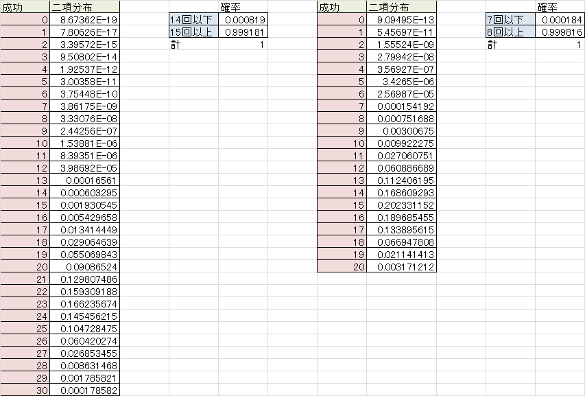 エクセルのBINOMDISTを使用した結果。
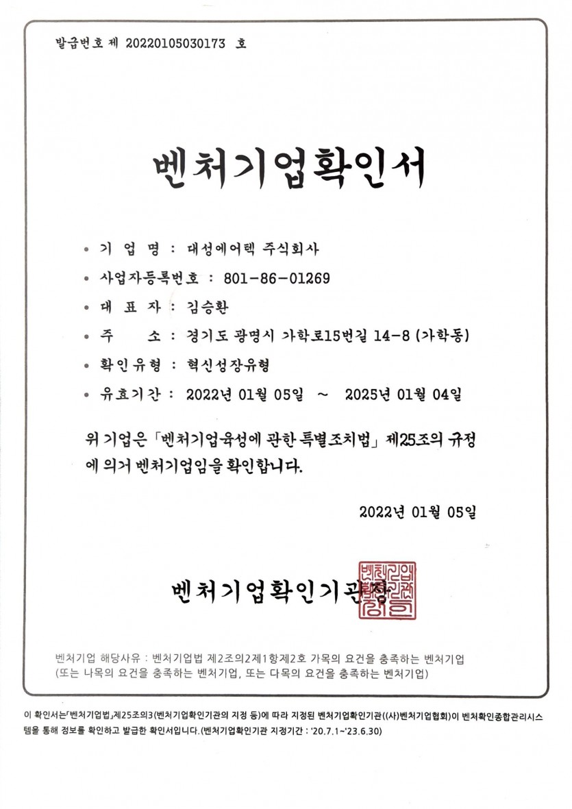 벤처기업확인서
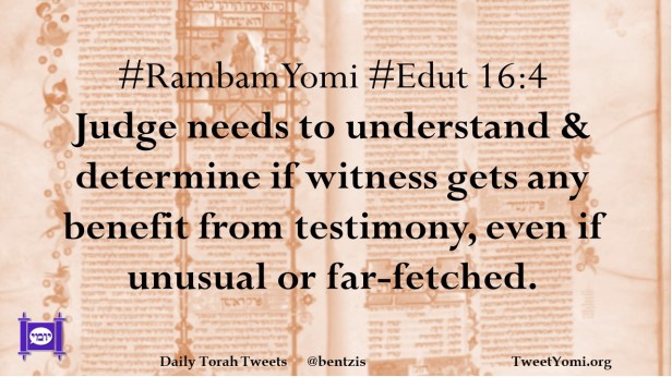#RambamYomi #Edut 16:4 Judge needs to understand & determine if witness gets any benefit from testimony, even if unusual or far-fetched.
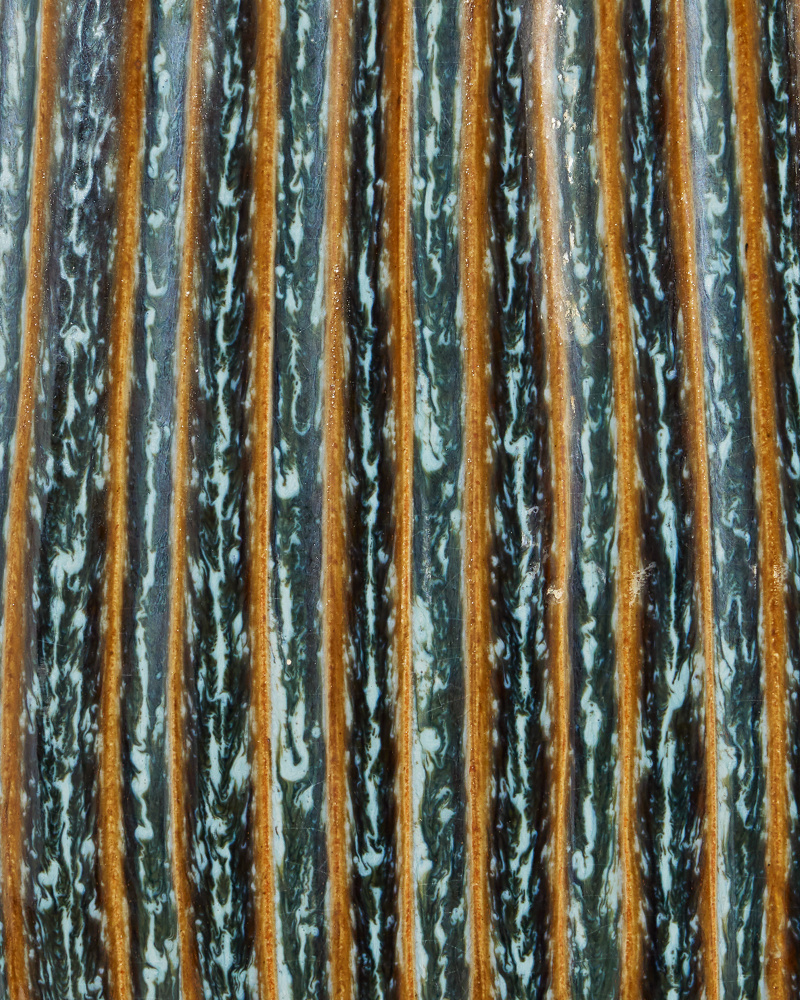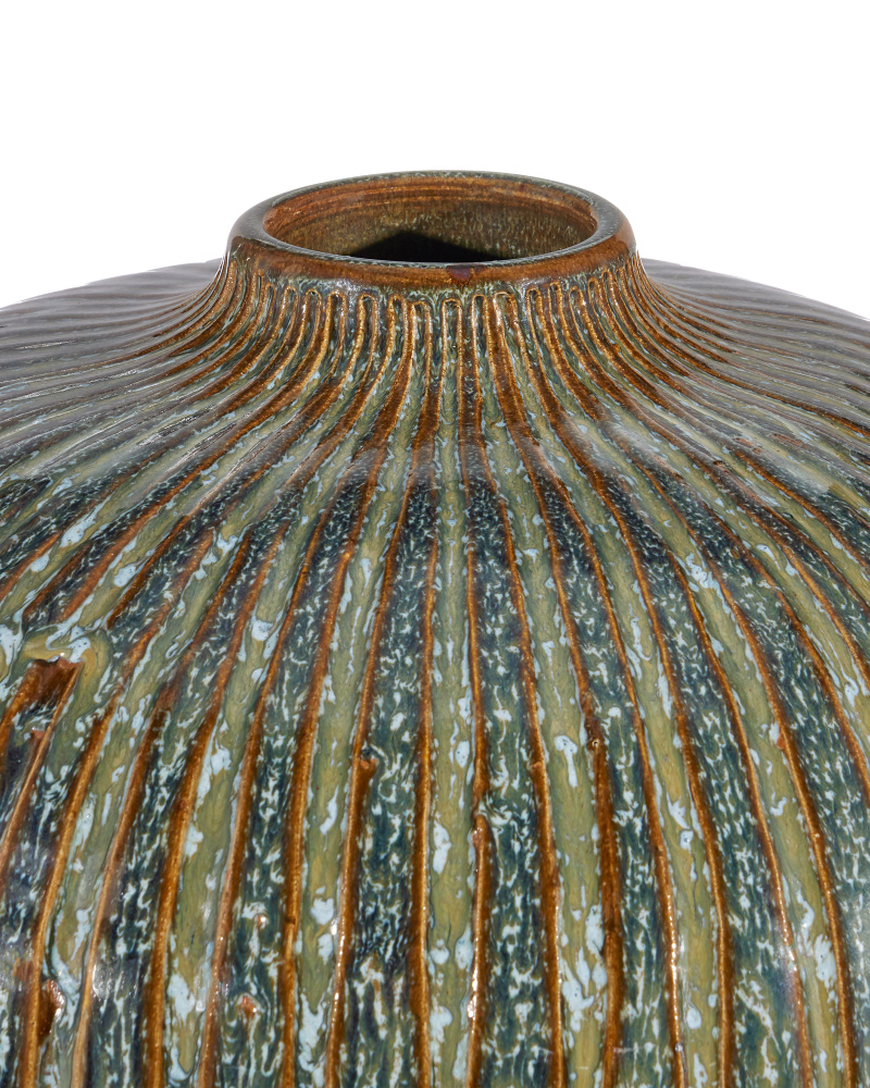 The Shoulder Medium Vase is made of ceramic that is hand-thrown by Thai ceramicists, then intricately decorated with green and brown reactive glazes. This brings the surface of the large vessel some serious texture. The liveliness of the surface will also add a Bohemian vibe to the space it will ornament. Because the glazes are applied by hand, this piece will vary slightly from vase to vase.
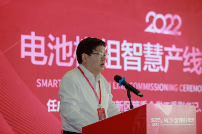 趙永志在歡迎辭中對(duì)一直以來幫助和支持企業(yè)發(fā)展的各級(jí)領(lǐng)導(dǎo)、合作伙伴以及社會(huì)各界同仁表示感謝。他表示,在“加快生態(tài)文明體制改革、建設(shè)美麗新中國(guó)”的發(fā)展要求下,儲(chǔ)能技術(shù)是支撐能源綠色轉(zhuǎn)型、保障能源安全、促進(jìn)能源高質(zhì)量發(fā)展的重要手段,電池模組智慧產(chǎn)線的正式投運(yùn),標(biāo)志著山東電工電氣踐行國(guó)家“雙碳”戰(zhàn)略邁上了新臺(tái)階,將全面開啟智慧化儲(chǔ)能新時(shí)代。
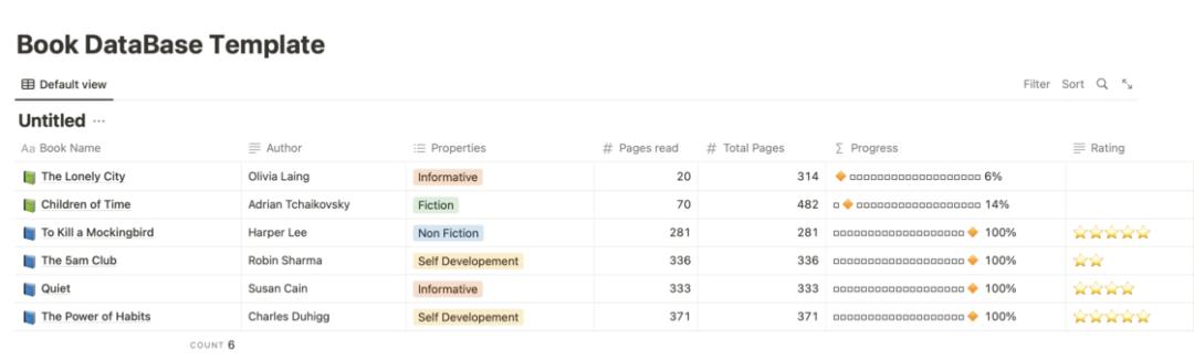 Notion 的数据库模版
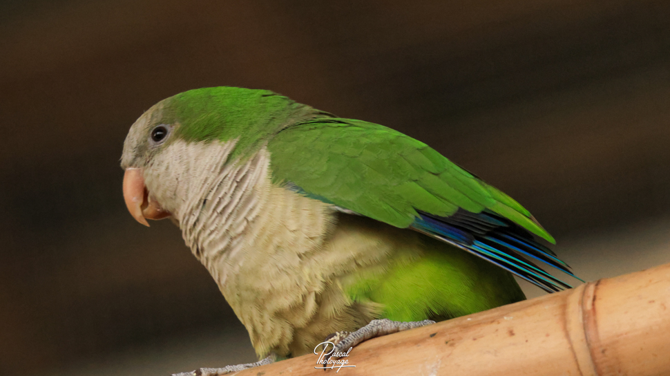Cette espèce est de couleur verte, avec le front et la poitrine gris pâle, les couvertures sus-alaires bleues et le dessous des rémiges bleu foncé. Elle mesure environ 29 cm de longueur pour une envergure de 48 cm et une masse de 100 g. Il n'y a pas de dimorphisme sexuel, cependant habituellement les femelles présentent un poids plus réduit de 10 à 20%.
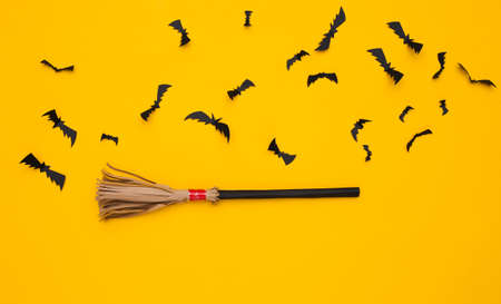 Witch's broomstick, flying bats on yellow background. Halloween handmade decor. top view. flat lay
+++++
> [The problem]: Write out word for word the lines of the listing above from the line with "趙永志在歡迎辭中對(duì)" to the line with "Notion 的数据库模版", taking in both of those lines but no pictures.

> [Written solution]:
 趙永志在歡迎辭中對(duì)一直以來幫助和支持企業(yè)發(fā)展的各級(jí)領(lǐng)導(dǎo)、合作伙伴以及社會(huì)各界同仁表示感謝。他表示,在“加快生態(tài)文明體制改革、建設(shè)美麗新中國(guó)”的發(fā)展要求下,儲(chǔ)能技術(shù)是支撐能源綠色轉(zhuǎn)型、保障能源安全、促進(jìn)能源高質(zhì)量發(fā)展的重要手段,電池模組智慧產(chǎn)線的正式投運(yùn),標(biāo)志著山東電工電氣踐行國(guó)家“雙碳”戰(zhàn)略邁上了新臺(tái)階,將全面開啟智慧化儲(chǔ)能新時(shí)代。
 Notion 的数据库模版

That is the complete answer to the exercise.